The West and the Rest

In “The Clash of Civilizations,” the political scientist Samuel Huntington maps out a geopolitical paradigm that is as disturbing as it is destructive. Huntington’s work imagines a new post-Cold War world order, one which pits civilizations against one another in a struggle for power, and one which centers the United States as an exemplar of supreme virtue. Huntington paints broad strokes of ignorance in ascribing certain values and capabilities to entire cultures and–surprise–Western civilization triumphs within Huntington’s crooked hierarchy. On page 40 of the text, Huntington writes,

“Western ideas of individualism, liberalism, constitutionalism, human rights, equality, liberty, the rule of law, democracy, free markets, the separation of church and state, often have little resonance in Islamic, Confucian, Japanese, Hindu, Buddhist or Orthodox cultures. Western efforts to propagate such ideas produce a reaction against ‘human rights imperialism’ and a reaffirmation of indigenous values, as can be seen in the support for religious fundamentalism by the younger generation in non-Western cultures.”

This line of thinking constitutes the framework for what Huntington subsequently calls the “West versus the Rest,” an axis of world politics that essentially demands conformity to Western culture from non-Western civilizations.

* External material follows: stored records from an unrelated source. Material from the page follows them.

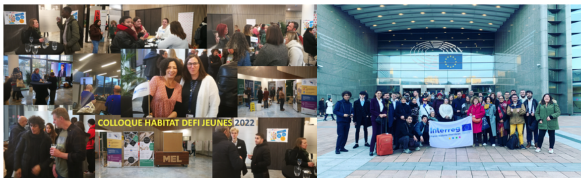
Colloque avec les élus & Parl'Europe Jeunes pour interpeler les élus européens

Ce Site Internet est le résultat d'un travail de coopération transfrontalière durant 6 années (2018 à 2023) autour de cette thématique. Le partenariat comprenait des écoles sociales et leurs étudiants d'un côté, des structures d'accompagnement social des jeunes en difficultés et les jeunes eux-mêmes de l'autre.
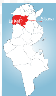
Plan de Situation et bassin versant du barrage Tessa

*MDT : Millions de Dinars Tunisiens et MUSD : Millions de Dollars USA
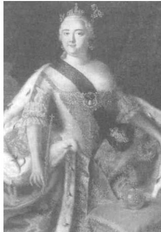
Імператриця Єлизавета Петрівна

Палац та парк над Дніпром, які носять ім'я Маріїнських, могли б називатися інакше - Єлизаветинськими. Це було б справедливо, адже їхній появі передував приїзд до Києва у 1744 році государині імператриці Єлизавети Петрівни. Саме вона повеліла побудувати у виноградному саду Царський палац, а також 9 вересня власноручно заклала церкву в пам'ять святого апостола Андрія Первозваного, призначивши її придворною при майбутньому палаці.

“The Clash of Civilizations” was a frustrating reading especially after going through the Gordon and Kaplan pieces, which each offer stark empirical evidence of the heinous practices carried out by the United States government–policies that, in Gordon’s words, are “closer to the government’s own definition of a rogue state than it is to a model democracy.” (2006:44) Over the last ten years or so during the so-called War on Terror, the United States government violated international law and sovereignty, committed countless human rights abuses, and purveyed over immense destruction around the world. Yet, the values that Huntington bestows to the West only involve democratic principles, human rights, liberty and equality, etc. This reasoning that the United States is a Good Power, on a mission to protect world order and that any violence that accompanies this mission is subsidiary, has been employed to dehumanize non-Western civilizations and rationalize war against them.

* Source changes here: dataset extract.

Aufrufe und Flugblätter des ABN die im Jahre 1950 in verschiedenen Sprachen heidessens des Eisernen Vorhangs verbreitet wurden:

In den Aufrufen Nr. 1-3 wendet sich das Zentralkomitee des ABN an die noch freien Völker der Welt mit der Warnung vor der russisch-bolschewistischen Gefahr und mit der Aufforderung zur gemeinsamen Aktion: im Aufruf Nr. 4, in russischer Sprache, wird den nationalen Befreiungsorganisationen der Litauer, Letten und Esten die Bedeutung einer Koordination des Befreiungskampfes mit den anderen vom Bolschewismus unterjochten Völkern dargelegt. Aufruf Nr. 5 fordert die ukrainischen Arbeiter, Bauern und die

As I was reading, my mind went to an interview I had seen with Jose Rodriguez, a former director of the National Clandestine Service which authorized the torture of detainees:

This video offers a really illuminating look at Rodriguez’ worldview, which could comfortably fall into the Huntington paradigm. In his justification for authorizing torture, Rodriguez explains (in rather patriarchal language) that the United States were compelled to “put their big boy pants on and provide the authorities that we needed,” because it was a matter of protecting American lives. American exceptionalism is the ideology underpinning this justification, because it allows our government to absolve itself from blame for executing these crimes. As Gordon points out, “American exceptionalism – the assertion that the US is an inherently more democratic, egalitarian and just society than all others – has always been a lie. The current Bush government has indeed formulated a policy of exceptionalism, claiming the right of the US, as a sovereign God-given Christian nation, to exempt itself from the same laws that govern the conduct of other nations.” (44)

The West is the entity committing these atrocities, often at the expense of the “Rest” of the world; but since, as Huntington’s writing shows, the West can wipe away these incidents and project a pristine image of standing up for democratic principles, the West never has to be held accountable for its wrongdoings. Instead, the flawed “Rest” must accommodate to the West’s standards.

One thought on “The West and the Rest

  1. caalamo

    This is a nice post Jack that raises several questions. I too am struck by the ways in which the Gordon and Kaplan pieces contrast so starkly with Huntington’s manifesto for the West. What I especially appreciate about Gordon and Kaplan are the ways in which they trace the longer fetch of the American empire so as to rather bluntly challenge us to think more critically about our surprise and disappointment over these practices. But I also think that Huntington is also clever in his use of history. What role do his rhetorical strategies related to history play in advancing his problematic and racist world view? One could never claim he is short sighted, but I think it is in the story he wishes to tell us about world history that his problem rests.